───── GIVEN RECORDS

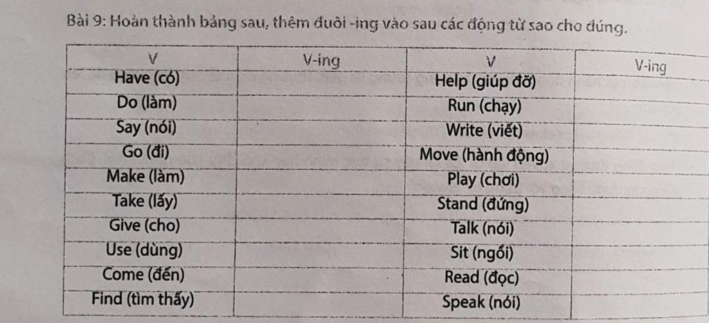 + Động từ 1 âm tiết, tận cùng bằng “Nguyên âm + Phụ âm” (Trừ h, w, x, y), ta gấp đôi phụ âm và thêm -ing
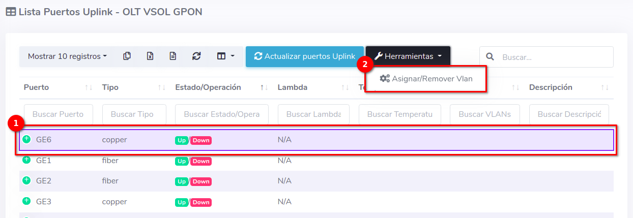 1En la Lista OLT's seleccionamos el equipo con el que trabajaremos para después ir a Puertos Uplink, que se encuentra en el botón con la leyenda Herramientas.
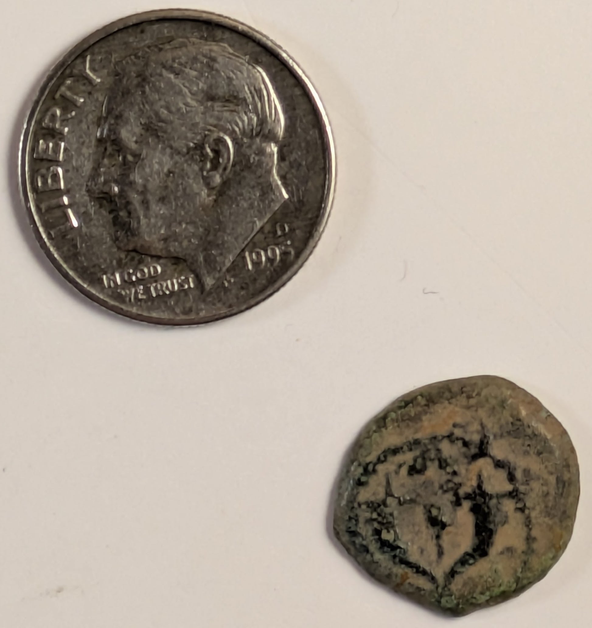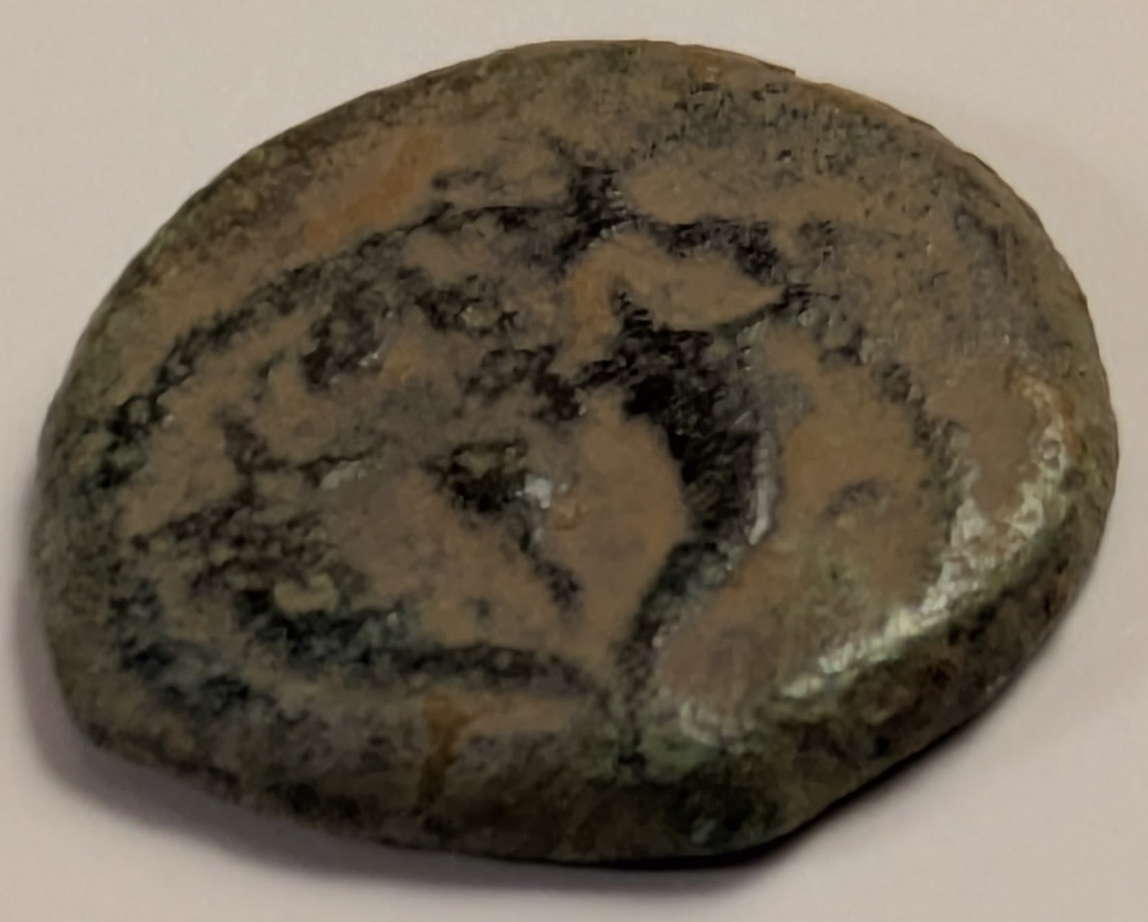 JUDAEA, John Hyrvanus ~ 135-104 BC ~ AE Prutah (1.58g) ~ Paleo-Hebrew in wedge style characters, "Yehohanan the High Priest & the Council of the Jews" ~ Double cornucopia, pomegranate between horns, monograph to lower right (Γ) ? ~ Hen-1135, TJC-D ~ VF
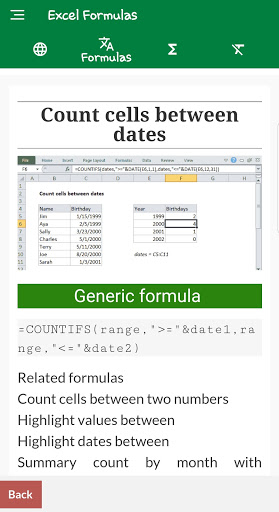 500 ++ excel formulas with example such as Count, Sum, Average, Min and Max, Lookup, If, conditional formatting, data validation, Round, Date and Time, Date series, Text, Financial, and so on.
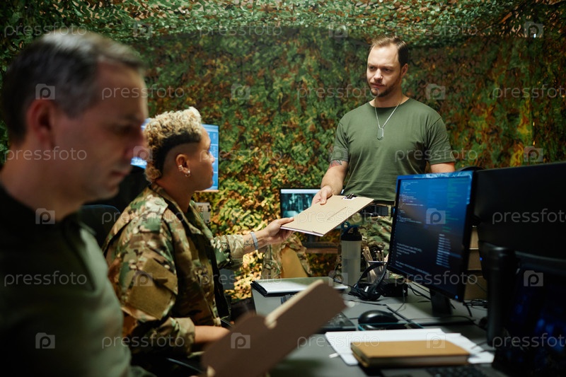 Молодой офицер-мужчина в футболке передает папку с секретными документами коллеге
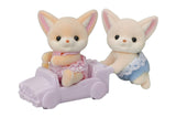 Set featuring the Fennec Fox twins, known far and wide for their big, pointy ears. Includes Fennec Fox twins and a pushcart. The figures’ heads can be moved. Either of the twins can in ride the pushcart. The included pushcart can be attached to pushcarts from other twin sets.

──────────

_TRY IT_: Only the lines from the one containing "JUDAEA, John Hyrvanus" through the last line of the material should be returned, exactly and without pictures.

_TASK SOLUTION_:
 JUDAEA, John Hyrvanus ~ 135-104 BC ~ AE Prutah (1.58g) ~ Paleo-Hebrew in wedge style characters, "Yehohanan the High Priest & the Council of the Jews" ~ Double cornucopia, pomegranate between horns, monograph to lower right (Γ) ? ~ Hen-1135, TJC-D ~ VF
 500 ++ excel formulas with example such as Count, Sum, Average, Min and Max, Lookup, If, conditional formatting, data validation, Round, Date and Time, Date series, Text, Financial, and so on.
 Молодой офицер-мужчина в футболке передает папку с секретными документами коллеге
 Set featuring the Fennec Fox twins, known far and wide for their big, pointy ears. Includes Fennec Fox twins and a pushcart. The figures’ heads can be moved. Either of the twins can in ride the pushcart. The included pushcart can be attached to pushcarts from other twin sets.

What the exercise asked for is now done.